Chinese seek military ID info

MONTGOMERY, Ala.—The Pentagon's primary Internet backbone, the Global Information Grid, comes under siege some 3 million times a day by outsiders looking for a way to penetrate military networks. And the outsiders come from all over the world, whether American script kiddies trying to prove their skills or Eastern European hackers looking for information they can sell.

Then there are the military cyberthreats from potential enemies.

Maj. Gen. William Lord, director of information, services and integration in the Secretary of the Air Force Office of Warfighting Integration and Chief Information Officer, today told an audience of civilian Air Force personnel attending the Air Force IT Conference that "China has downloaded 10 to 20 terabytes of data from the NIPRNet.

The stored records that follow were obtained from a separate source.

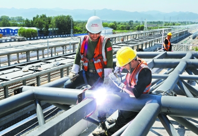 昨日午后,在建的京张高铁昌平站站房工程工地上,为保证工程进度,建设者们冒着高温奋战在一线,在距地面16米高的钢桁架上做着焊接、打磨工作。京张高铁是2022年北京冬奥会重要交通保障设施。记者 白继开摄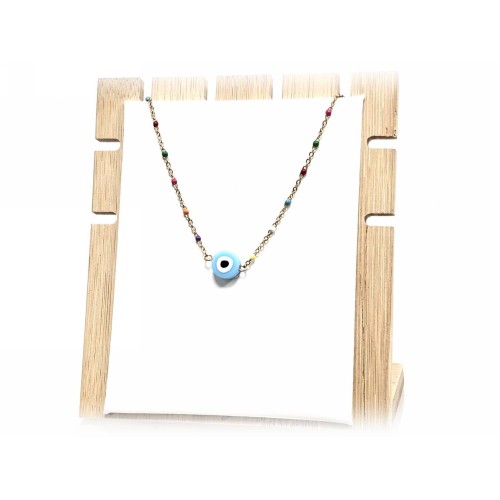 Κολιέ Ατσάλι 316L, αλυσίδα με διάφορες πέτρες και μάτι σε χρώμα Χρυσαφί..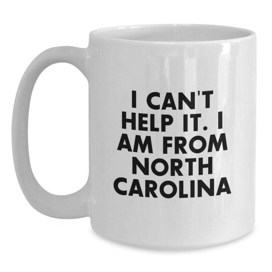 Funny North Carolina Gifts From Friends And Family, I Can't Help It. I Am From North Carolina White Coffee Mug, Birthday Unique Gifts for Men Women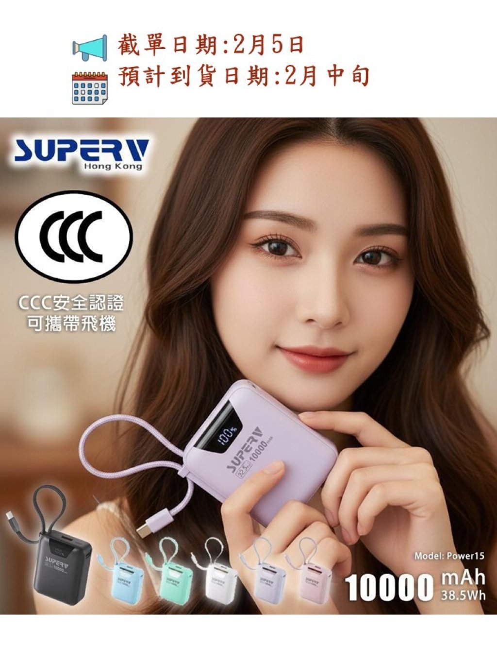 Superv 🇭🇰 Power15 CCC認證10000mAh內置線便攜行動電源
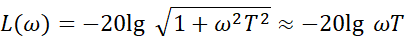 (2)当 ω ≫1/T 时,对数幅频特性可近似为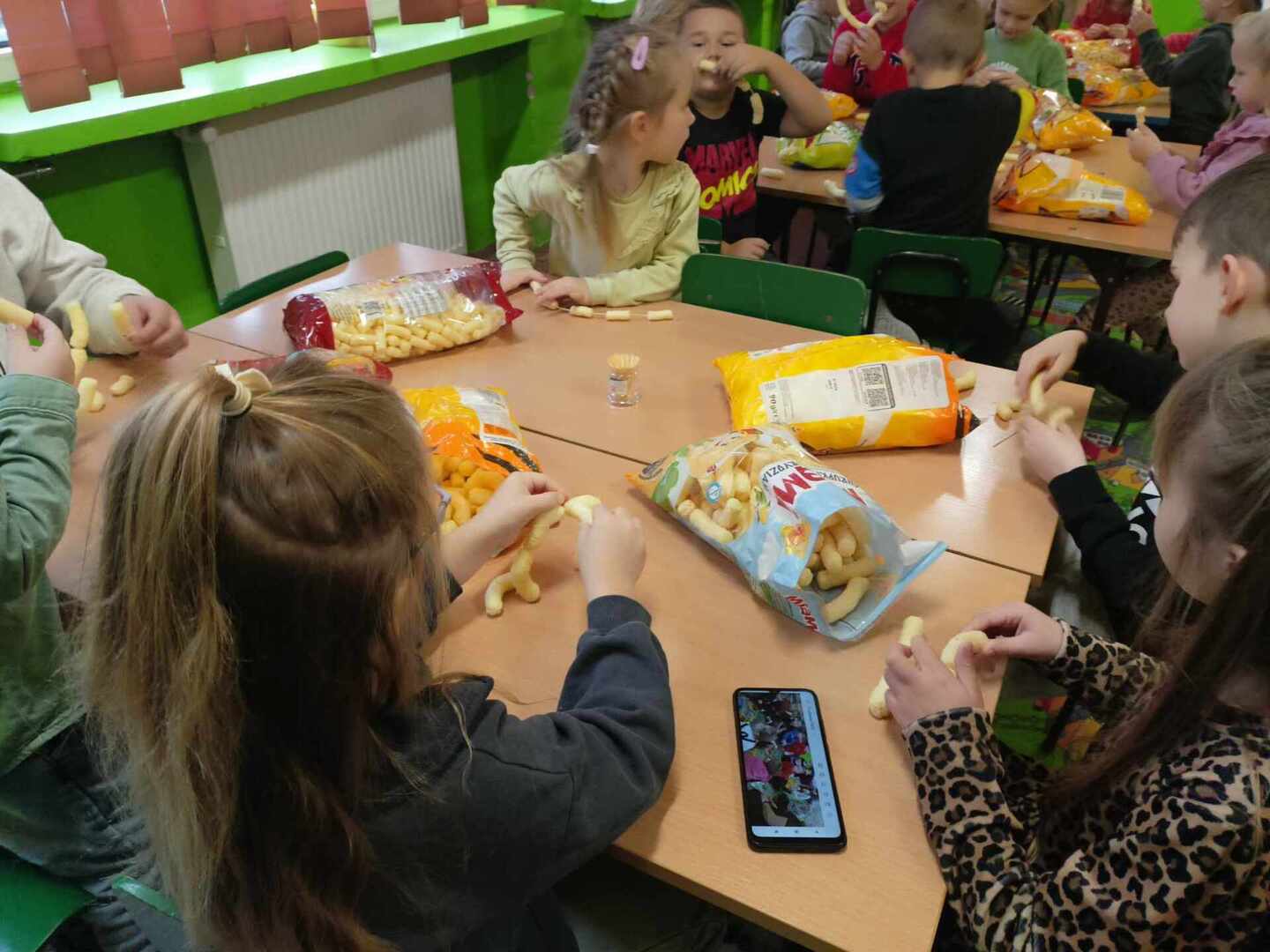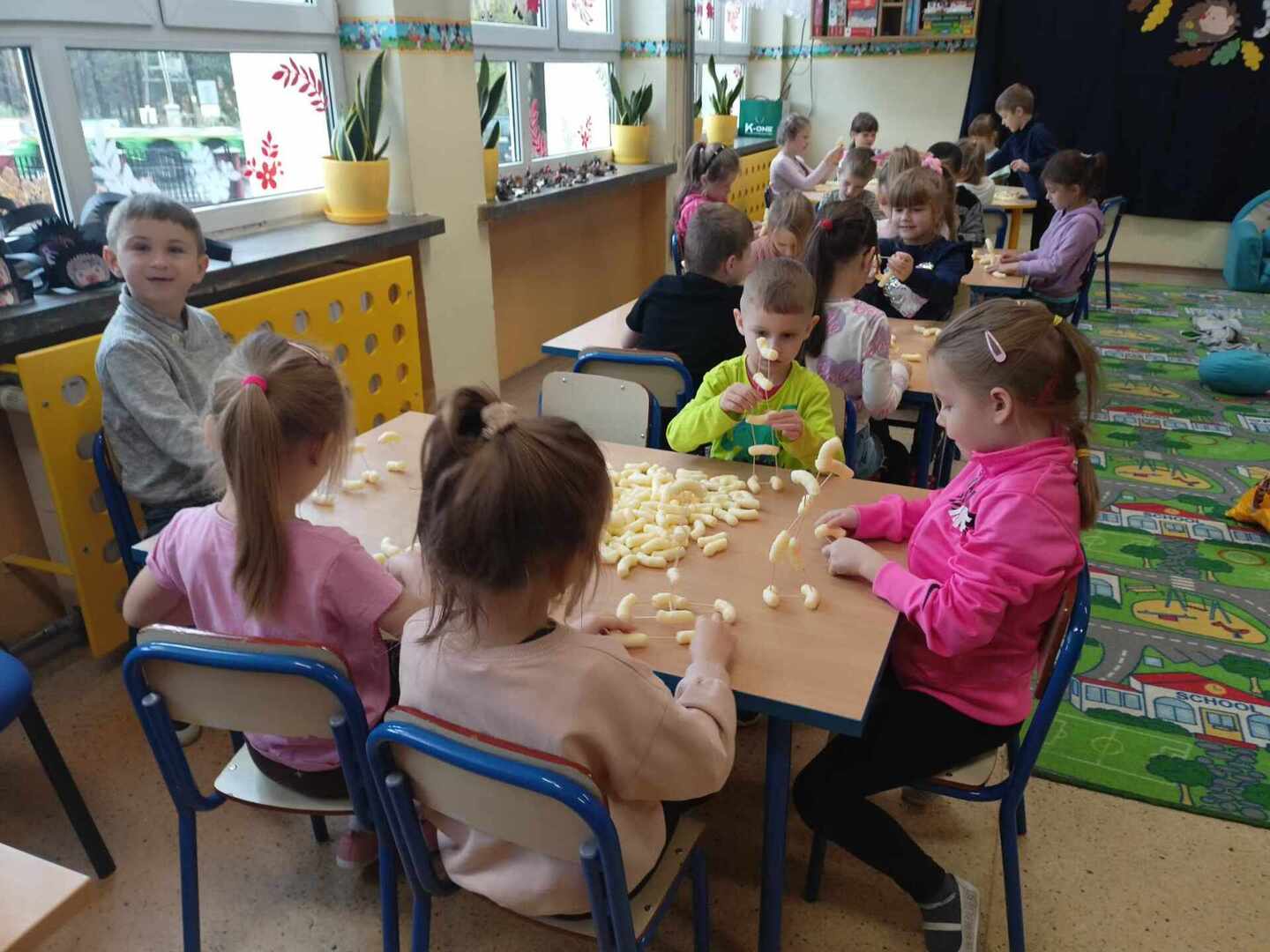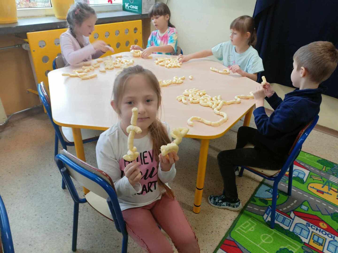Listopad- miesiąc tęsknoty i żalu za osobami, które od nas odeszły. Dlatego też dzieci z grup przedszkolnych na zajęciach z ogólnopolskiego projektu "Sztuka emocji " prowadzonych przez i pedagoga specjalnego poznawały emocję żalu. Dzieci były bardzo kreatywne opowiadając o żalu pokazywanym na obrazkach, omawiając bajkę "Brzydkie kaczątko" oraz analizując filmik o smutnym jeżyku pod kątem przeżywanego przez niego żalu. W tym miesiącu wiodącą dziedziną sztuki była rzeźba. Dzieci z chrupek kukurydzianych flipsów i wykałaczek stworzyły rzeźby żalu. Na poprawę humoru dzieci mogły zjeść pozostałe flipsy.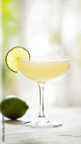 Daiquiri cocktail with pale liquid and lime wheel garnish in a chilled coupe glass. White background highlighting the smooth and elegant presentation.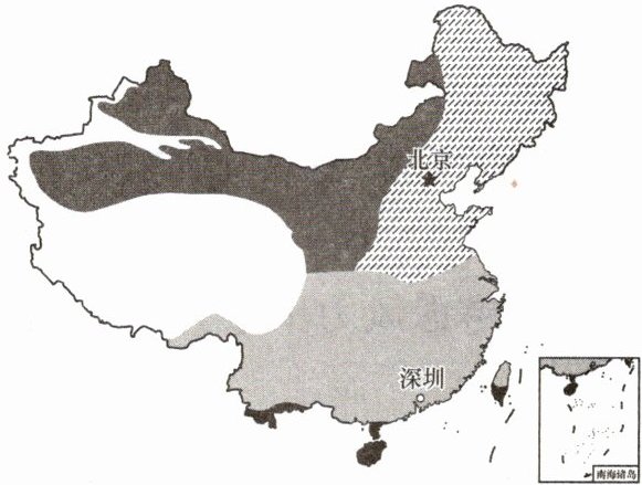新素材 2024 年 5 月 22 日,由中央广播电视总台、中央网信办、广东省人民政府共同主办的《2024 中国·AI 盛典》在广东深圳举行启动仪式,并于 6 月在总台央视综合频道、央视频、央视网等平台播出。读中国主要气候类型分布图,完成 4~5 题。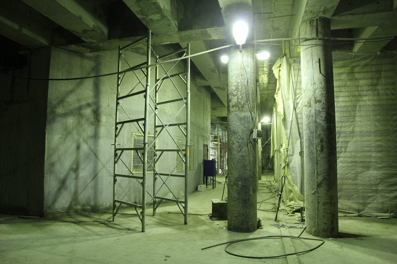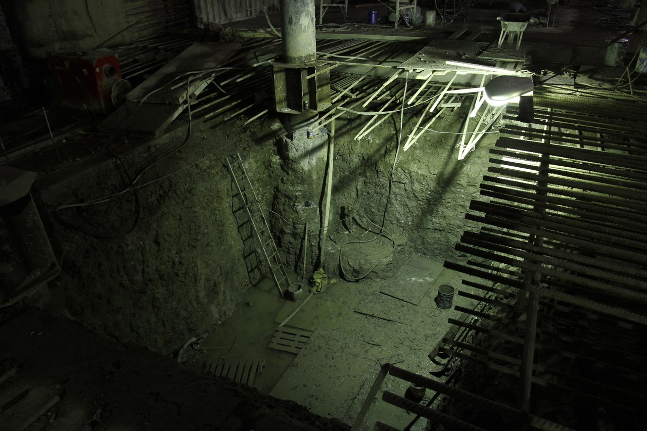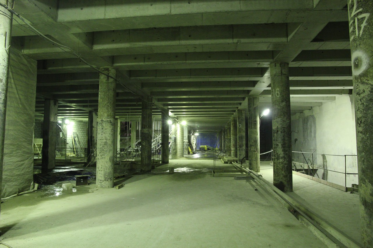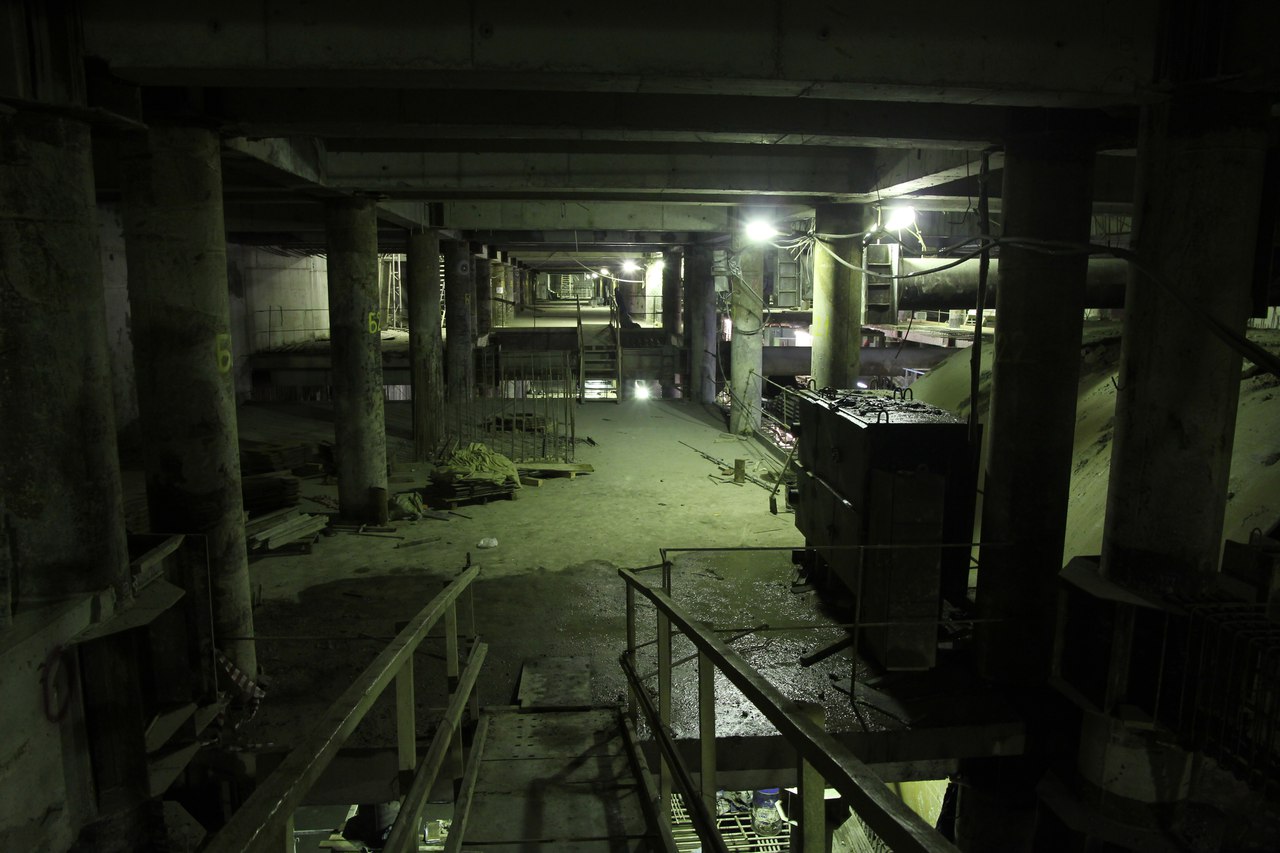 На этот раз от меня большой подробный фотоотчет со станции, снятый не на телефон. На верхнем ярусе перегородки из газобетона растут как грибы после дождя, кассы уже готовы. Лестничные сходы скоро доведут до уровня перекрытия. Ленточный конвейер пока смонтирован до уровня перекрытия +9,900 и выведен на поверхность. На среднем уровне пока никаких изменений, не считая демонтажа расстрелов для прохода ТПМК и возвращения их на прежнее место за щитом. Внизу залиты первые захватки перекрытия платформы, продолжается заливка жесткого основания. В середине станции ведется разработка грунта под зумпф. Последнюю заходку лотка залили совсем недавно, видимо не стали торопиться пока щит встал. Грунт в пространстве между осями А-Б и Е-Ж полностью пока не выбран. Фотографии с ТПМК и с перегонным тоннелем смотрите в теме НВЛ, в один пост все не поместилось

They're looking for your identity, so they can get into the network as you."

Lord said that this is in accordance with the Chinese doctrine about the use of cyberspace in conflict.

"We don't think they've gotten into the SIPRNet yet," [the classified GIG network], he said, "though we know they have [penetrated] the NIPRNet. There is a nation-state threat by the Chinese."

Lord said that the Air Force Research Laboratories are undertaking projects to mitigate the threat, possibly to look at offensive actions that could be launched, but "the rules of engagement have to changed before we're fully engaged in cyberspace."